Cardamom Rainforest, Tmor Rung, Cambodia

Bensley Collection – Shinta Mani Wild

Conservation and hospitality can work together

This resort is a culmination of all that Bill has learnt over 35 years of making hotels. He first bought the land with his friend Sokoun Chandpreda, hoping to save it from poaching and logging. This became the heart of the project. He describes the resort as “a utopia of sustainability”, with low impact on the land, while doubling as a research and conservation centre.

A key part of the protection of the forest is a partnership with Wildlife Alliance, whose daily patrol is funded by guest stays at the camp. This creates a sustainable measure of policing the forest which will continue long after those who began it!

The adventure begins as guests zipline into the “Landing Zone Bar”: Shinta Mani Wild offers a variety of activities to push guests beyond their boundaries and explore the natural environment.
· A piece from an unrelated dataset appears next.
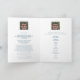 Programme funéraire ordre de service double face bleu simple dans nos coeurs pour toujours programme funéraire. Un programme simple mais élégant remplace simplement les supports de texte et de photo par vos propres trois photos et informations spéciales. La typographie originale et dans nos coeurs toujours design graphique par Sarah Trett pour www.mylittleeden.com (Crédit photo de Guilherme Stecanella sur la photo modèle Unsplash est juste un espace réservé pour vous à remplacer).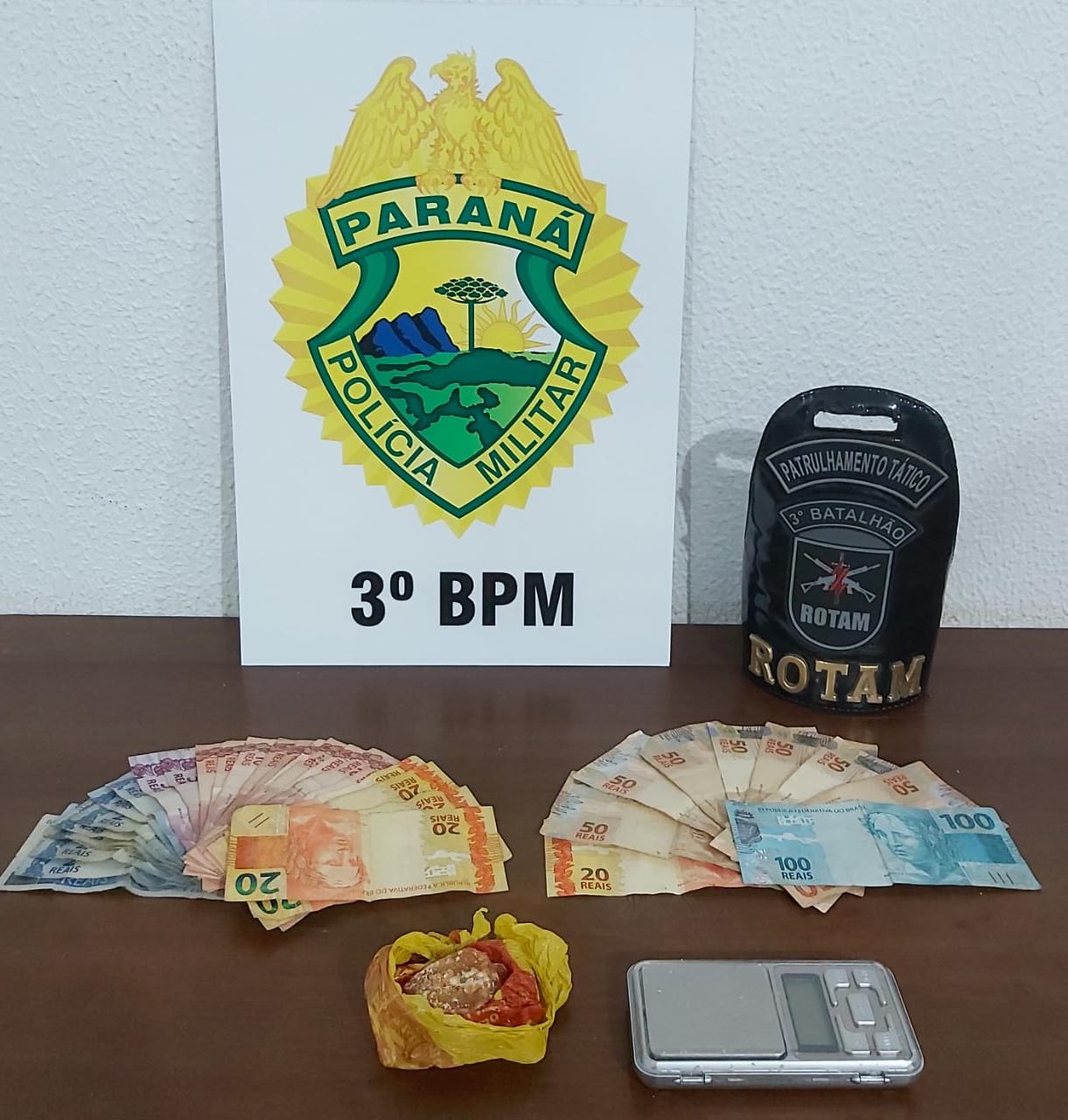Equipe ROTAM em patrulhamento pelo bairro alto da Glória avistou um individuo que a equipe tem conhecimento que estava praticando trafico de drogas, realizada a abordagem foram obtidos os seguintes resultados:

The 15 tents are an exploration too; each one is utterly unique, inspired by King Sihanouk and Jackie Kennedy’s 1967 Cambodian travels, the animals who live here, and the people who make that possible.

Bill has taken the Tented Camp typology a step further through conservation, and by providing long-term employment opportunities to the inhabitants of this region, where there is little infrastructure – many of the staff are converted ex-poachers.

Through the Shinta Mani properties and hospitality school in Siem Reap, there are opportunities for hospitality education, while instilling a mentality of conservation. With the help of Shinta Mani Wild’s team of naturalists and park rangers, guests are also educated, and are involved in conservation efforts during their stay, leaving the camp with memories of the part they played in preserving unique natural heritage.

One of my big pushes now is to learn more about Cambodia, as it is a country only known for Angkor Wat and we want to change that. It is a country rapidly being deforested, that is all the more reason to have high yield low impact tourism reach those hard to get to pockets of wilderness that are still standing. The powers that be need to understand that conservation is a viable alternative to traditional extraction, and minimal impact tourism.

My 75 year old big sista just loved it and made 5 rounds of the zip line course in a day. She holds the record for the oldest zipper! We get the super athletic types doing triple somersaults off the 5 story Raging Big Sister Waterfall followed by 5 hours of mountain biking and kayaking to those that just like to read a book in the bath on their porch overlooking the rapids.

I love the fact that every time I go we seem to discover, by way of our many on property camera traps and sometimes by a sighting, a different wildlife species that we were not aware was living there.

Since we have been policing the site with the devoted Wildlife Alliance, and pulling out the many snares meant to kill wildlife on a daily basis, the animals seem to sense that our park is a safer refuge. On my 60th birthday Wildlife Alliance released 3 civet cats. That was the best birthday gift I could ever ask for!